● **AIM OF THE EXERCISE**: Return the records from the first line through the line containing "The trail is", and leave out the pictures.
************
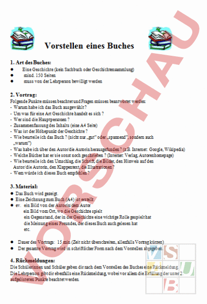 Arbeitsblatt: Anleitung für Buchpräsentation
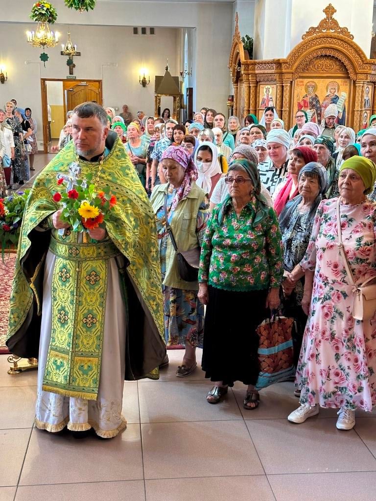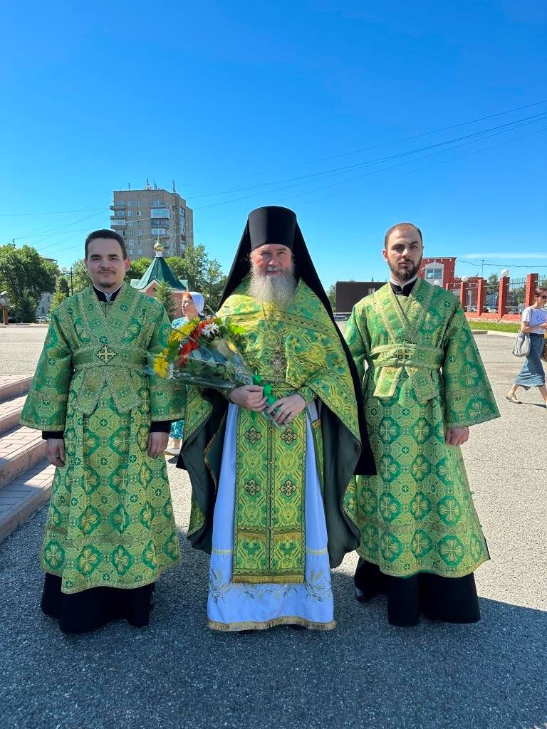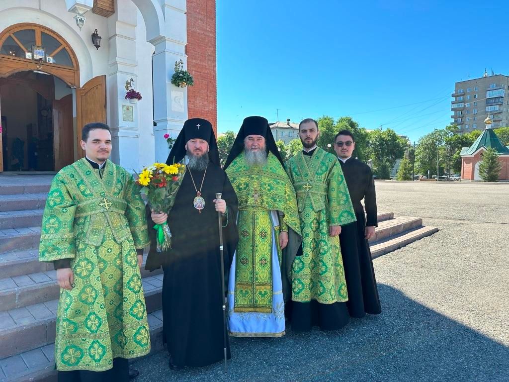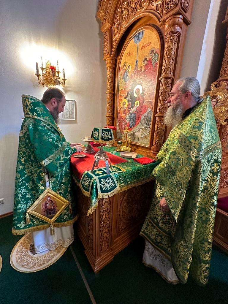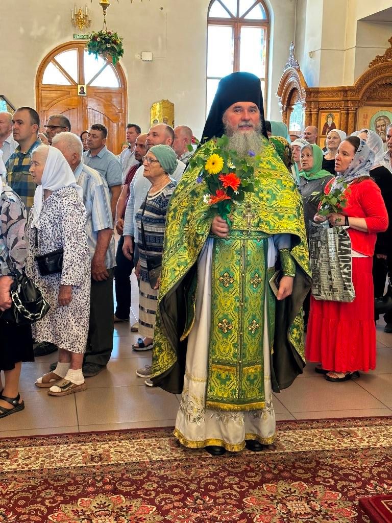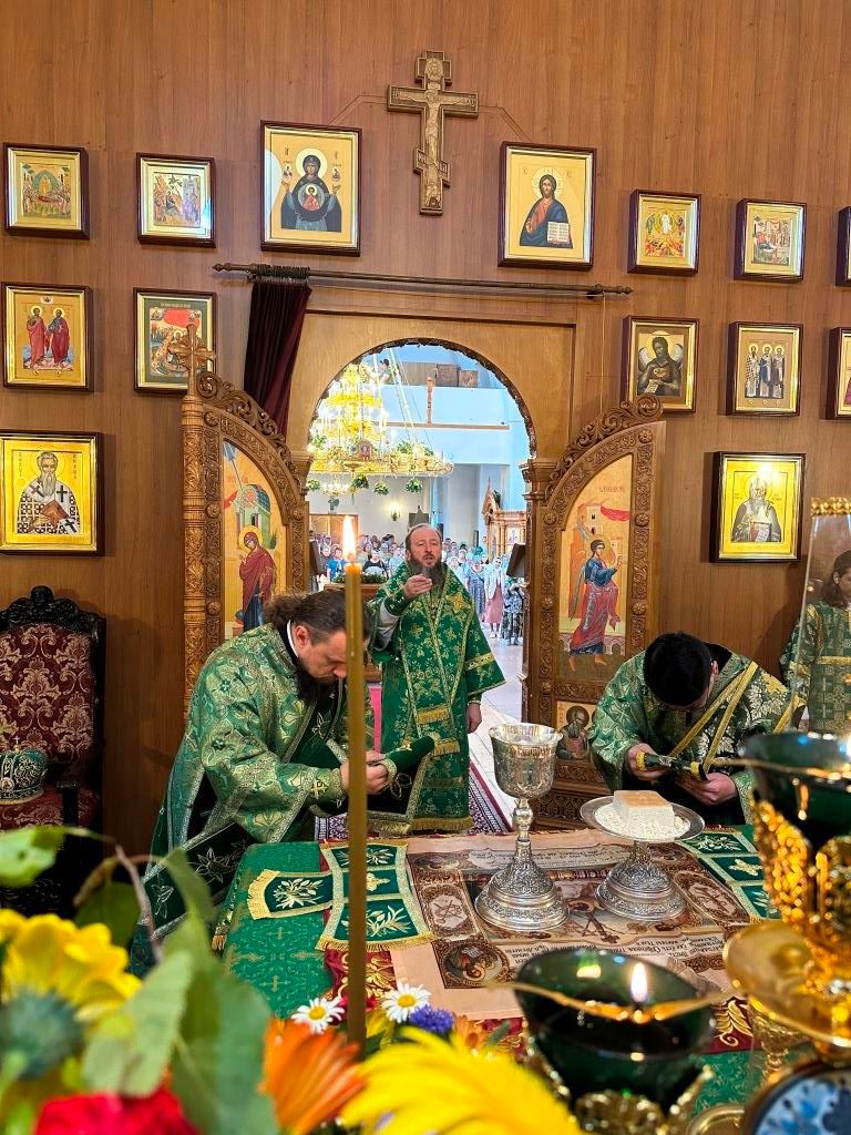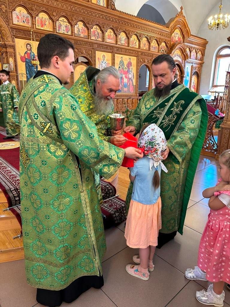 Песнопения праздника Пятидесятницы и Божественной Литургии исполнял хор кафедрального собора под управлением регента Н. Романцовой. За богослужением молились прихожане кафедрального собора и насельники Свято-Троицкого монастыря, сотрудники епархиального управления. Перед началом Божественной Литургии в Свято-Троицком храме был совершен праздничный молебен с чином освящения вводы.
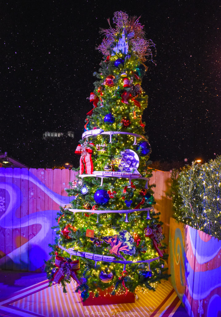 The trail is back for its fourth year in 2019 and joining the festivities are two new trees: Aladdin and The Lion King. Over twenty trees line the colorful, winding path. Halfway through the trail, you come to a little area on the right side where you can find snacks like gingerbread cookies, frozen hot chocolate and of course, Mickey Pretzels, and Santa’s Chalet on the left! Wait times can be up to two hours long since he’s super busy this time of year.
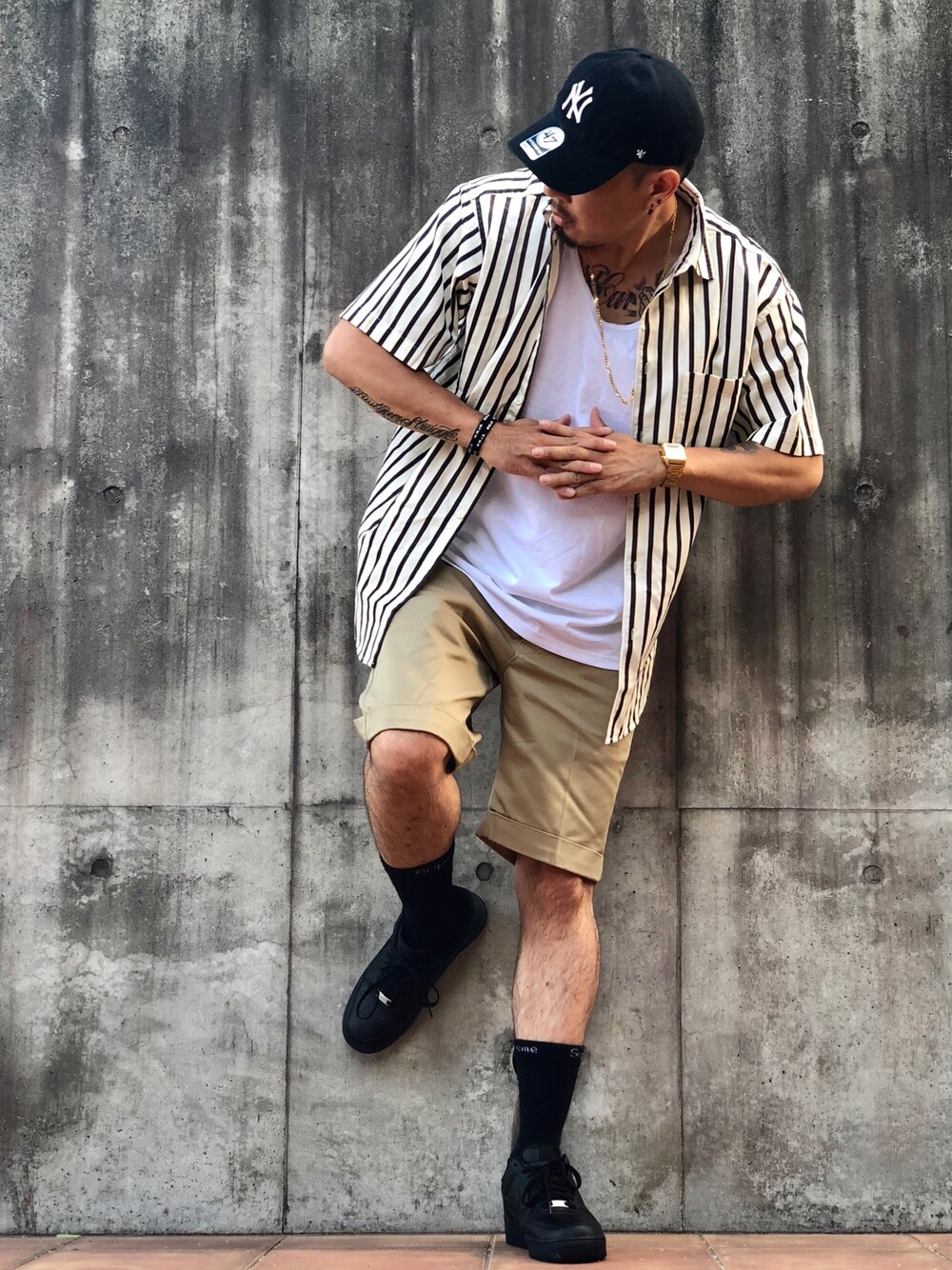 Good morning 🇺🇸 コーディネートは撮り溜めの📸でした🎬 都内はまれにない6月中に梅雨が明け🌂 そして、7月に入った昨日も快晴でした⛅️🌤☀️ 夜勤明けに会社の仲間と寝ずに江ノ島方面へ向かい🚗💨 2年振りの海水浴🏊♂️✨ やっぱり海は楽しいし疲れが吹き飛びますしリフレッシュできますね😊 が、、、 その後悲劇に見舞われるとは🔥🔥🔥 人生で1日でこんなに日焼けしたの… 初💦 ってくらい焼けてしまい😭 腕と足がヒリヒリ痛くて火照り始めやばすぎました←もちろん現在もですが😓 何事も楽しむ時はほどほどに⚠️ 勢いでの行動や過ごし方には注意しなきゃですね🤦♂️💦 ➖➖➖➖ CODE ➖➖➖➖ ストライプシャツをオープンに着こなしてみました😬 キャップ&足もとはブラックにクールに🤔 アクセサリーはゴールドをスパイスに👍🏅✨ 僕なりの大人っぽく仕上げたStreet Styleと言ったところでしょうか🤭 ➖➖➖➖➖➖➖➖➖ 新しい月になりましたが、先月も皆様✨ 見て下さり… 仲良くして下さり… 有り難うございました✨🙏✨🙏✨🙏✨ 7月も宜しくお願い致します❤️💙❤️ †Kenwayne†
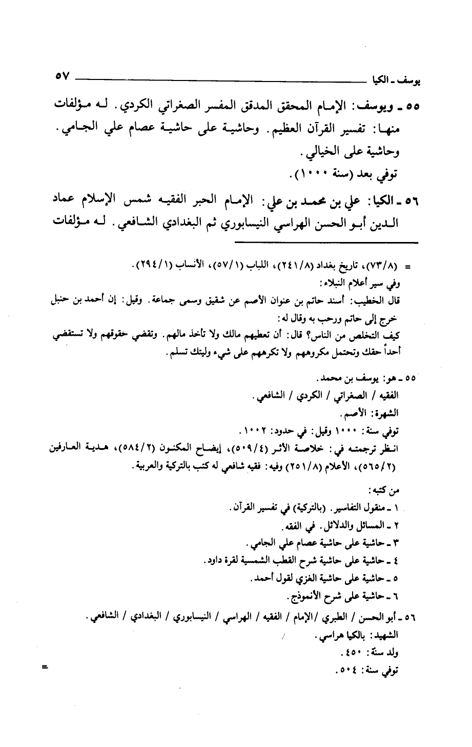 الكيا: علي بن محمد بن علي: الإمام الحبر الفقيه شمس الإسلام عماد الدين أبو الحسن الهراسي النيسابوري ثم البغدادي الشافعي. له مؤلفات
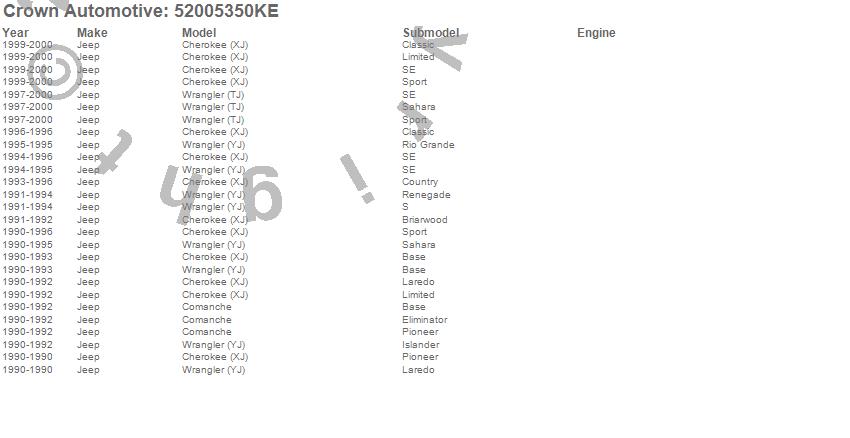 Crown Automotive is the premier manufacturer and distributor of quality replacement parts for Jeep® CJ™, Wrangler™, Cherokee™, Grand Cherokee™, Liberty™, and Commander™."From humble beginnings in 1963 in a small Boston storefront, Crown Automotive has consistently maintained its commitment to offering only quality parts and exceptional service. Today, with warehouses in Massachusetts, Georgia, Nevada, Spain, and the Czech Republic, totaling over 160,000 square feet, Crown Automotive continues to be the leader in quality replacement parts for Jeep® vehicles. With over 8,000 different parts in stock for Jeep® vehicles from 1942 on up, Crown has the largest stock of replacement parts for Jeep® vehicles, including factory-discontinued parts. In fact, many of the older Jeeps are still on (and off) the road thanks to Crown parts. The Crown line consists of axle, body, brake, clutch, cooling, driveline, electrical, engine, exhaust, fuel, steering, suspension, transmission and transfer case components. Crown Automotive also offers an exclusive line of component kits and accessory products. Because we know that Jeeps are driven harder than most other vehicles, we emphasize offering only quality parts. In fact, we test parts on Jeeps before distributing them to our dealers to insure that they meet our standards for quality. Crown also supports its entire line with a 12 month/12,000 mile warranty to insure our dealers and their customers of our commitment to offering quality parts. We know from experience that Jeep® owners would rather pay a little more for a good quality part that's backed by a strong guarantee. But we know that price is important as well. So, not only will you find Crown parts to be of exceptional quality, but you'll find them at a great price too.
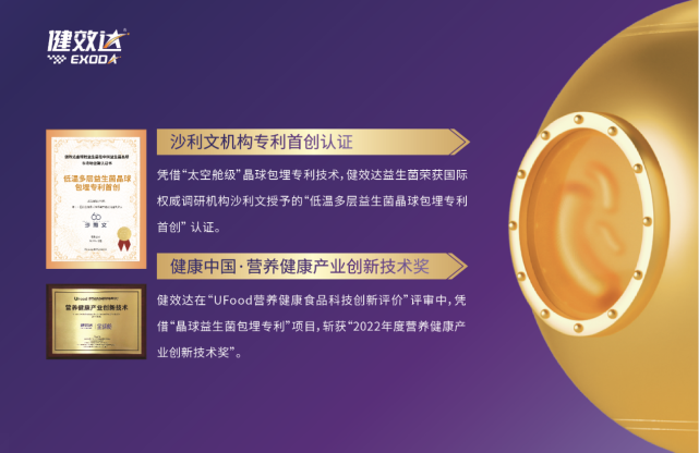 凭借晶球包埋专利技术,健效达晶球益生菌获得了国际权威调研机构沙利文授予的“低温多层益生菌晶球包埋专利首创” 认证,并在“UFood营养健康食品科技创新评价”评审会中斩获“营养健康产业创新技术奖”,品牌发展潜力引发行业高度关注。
************
● **ANSWER TO THIS TASK**:
 Arbeitsblatt: Anleitung für Buchpräsentation
 Песнопения праздника Пятидесятницы и Божественной Литургии исполнял хор кафедрального собора под управлением регента Н. Романцовой. За богослужением молились прихожане кафедрального собора и насельники Свято-Троицкого монастыря, сотрудники епархиального управления. Перед началом Божественной Литургии в Свято-Троицком храме был совершен праздничный молебен с чином освящения вводы.
 The trail is back for its fourth year in 2019 and joining the festivities are two new trees: Aladdin and The Lion King. Over twenty trees line the colorful, winding path. Halfway through the trail, you come to a little area on the right side where you can find snacks like gingerbread cookies, frozen hot chocolate and of course, Mickey Pretzels, and Santa’s Chalet on the left! Wait times can be up to two hours long since he’s super busy this time of year.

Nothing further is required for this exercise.